Although outdated credit card technologies increase security risks, a bigger concern lies in the simplicity of a retailer machines. Because payment companies have no direct jurisdiction over how transactions are processed in a store, this makes it possible for hackers to use stolen credit data elsewhere. IB Times reports that nearly 5,000 suspects have been arrested in massive credit card information-theft rings. This suggests that your personal data may be passed around in vast underground circles before they’re eventually used to make fraudulent purchases. Without a PIN or the microchip, your card — and the company that issues it — are nearly powerless to stop data theft. Even worse, it’s very difficult to verify whether you truly bought something, or an actual fraud victim.
Perhaps the most frightening credit card risk today is radio frequency identification (RFID) scanning, which uses credit card smart chip electronic signatures to collect and store information. RFID scanning relies on indirect and long-range attacks to steal your card’s information.
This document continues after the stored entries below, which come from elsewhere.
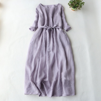 系带收腰显瘦五分袖连衣裙女2023夏季新款棉麻文艺优雅风琴褶裙子
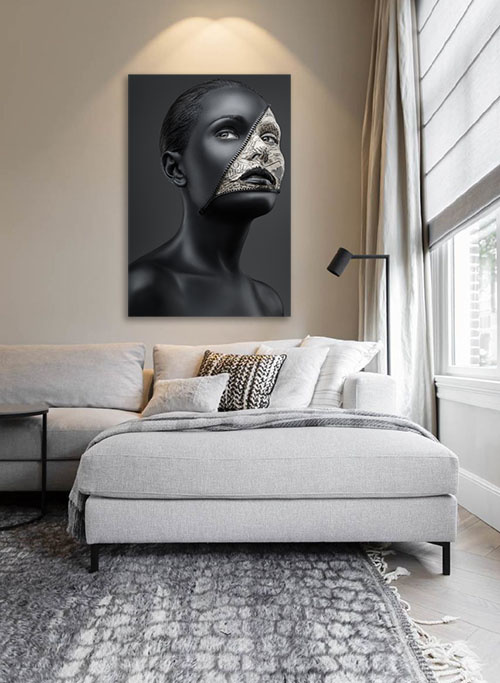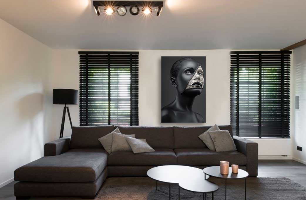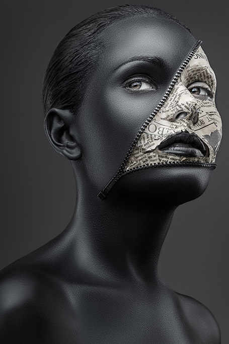 Eine schöne Fotokunst von einer Frau mit einer optischen Täuschung. Ihr Gesicht erscheint aufgerissen, wodurch die Illusion entsteht, dass ihr Gesicht aus Zeitungsausschnitten besteht. Dieses Fotokunstwerk wird Sie dank des naturgetreuen Make-ups und der aufregenden Farben in seinen Bann ziehen. Die Frau ist ganz in Schwarz gemalt, so dass sie schön mit dem Hintergrund verschmilzt. Hervorragend geeignet für ein Art-Deco-, trendiges und modernes Interieur. Aber auch in einem klassischen Interieur kommt diese Fotokunst gut zur Geltung.
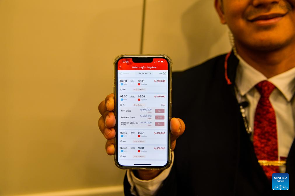 A crew member aboard a high-speed train of the Jakarta-Bandung High-Speed Railway demonstrates a mobile app, which shows some tickets of the day have been sold out, in Indonesia, Nov. 5, 2023. The Jakarta-Bandung High-Speed Railway (HSR), connecting Jakarta and the fourth largest city Bandung, is a flagship project that synergizes the China-proposed Belt and Road Initiative and Indonesia's Global Maritime Fulcrum strategy.

However, major credit card companies support their current RFID protection model and insist that it’s bulletproof — but, if that’s true, how is smart chip information being stolen? And while many companies have put countermeasures in place, hackers are constantly working on increasingly-intelligent ways to steal your credit card information, without ever touching it.
The modern credit card is one of the most convenient and portable ways to pay for goods and services, but it can also be the most vulnerable. With that in mind, always be sure to treat your card with the same respect as cash because the chances of losing your funds aren’t very different between the two systems. Although major retail and payment processing companies are constantly working to improve credit card security, your best defense remains personal awareness. You, the consumer, should always be the first line of defense.